# EXERCISE DIRECTIONS:
Word for word, copy the entire listing below, but do not carry over any pictures.

# SUPPLIED DATA:
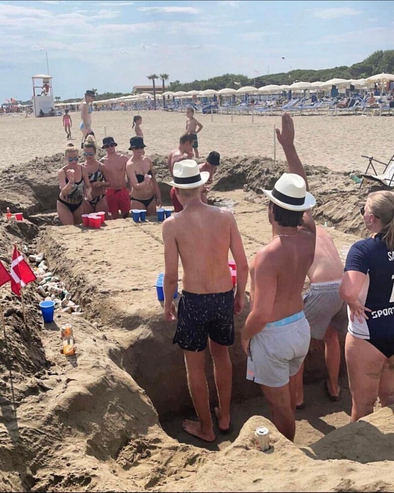 If you’ve ever attended a teen party, you know that beer pong is one of the most entertaining activities at such gatherings. However, you can also enjoy a game of beer pong at the beach, which you might call beach pong. If you’re thinking you need a table to play, the image above proves otherwise. All you need to do is turn the beach sand into a large table for your pong game. Given that small children can build castles with beach sand, creating a flat table shouldn’t be much trouble.
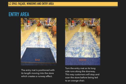 Assign this job to one or two people who have a clear understanding of your merchandising, visual merchandising, fixtures, signage, store design direction and overall brand and image. If you choose two people, consider one in marketing and one in operations. Alternatively, hire a third party with CVSM and spa store experience.
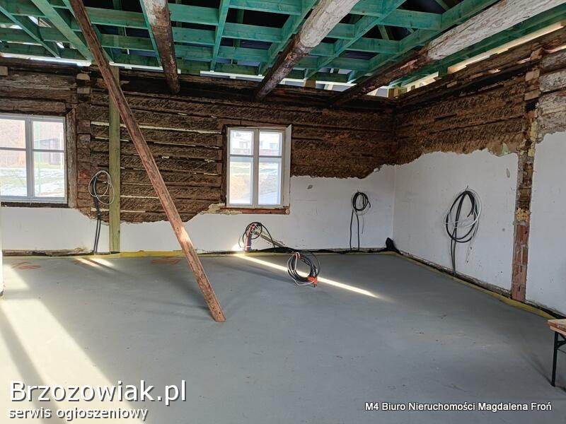Na 95 arowej niezwykle widokowej działce znajduje się ok 100 m dom, drewniany z rozpoczętym gruntownym remontem. Prace remontowe dotychczas wykonane obejmuję całkowitą wymianę dachu na nowy, dolanie i wzmocnienie fundamentów, nowa instalacja elektryczna i hydrauliczna, odwodnienie i izolacja fundamentów, nowe wylewki, ścianki działowe, bale drewniane odrobaczone i odpowiednio zaimpregnowane, nowe przyłącze gazu i prądu.

# SOLUTION TO THE EXERCISE:
 If you’ve ever attended a teen party, you know that beer pong is one of the most entertaining activities at such gatherings. However, you can also enjoy a game of beer pong at the beach, which you might call beach pong. If you’re thinking you need a table to play, the image above proves otherwise. All you need to do is turn the beach sand into a large table for your pong game. Given that small children can build castles with beach sand, creating a flat table shouldn’t be much trouble.
 Assign this job to one or two people who have a clear understanding of your merchandising, visual merchandising, fixtures, signage, store design direction and overall brand and image. If you choose two people, consider one in marketing and one in operations. Alternatively, hire a third party with CVSM and spa store experience.
Na 95 arowej niezwykle widokowej działce znajduje się ok 100 m dom, drewniany z rozpoczętym gruntownym remontem. Prace remontowe dotychczas wykonane obejmuję całkowitą wymianę dachu na nowy, dolanie i wzmocnienie fundamentów, nowa instalacja elektryczna i hydrauliczna, odwodnienie i izolacja fundamentów, nowe wylewki, ścianki działowe, bale drewniane odrobaczone i odpowiednio zaimpregnowane, nowe przyłącze gazu i prądu.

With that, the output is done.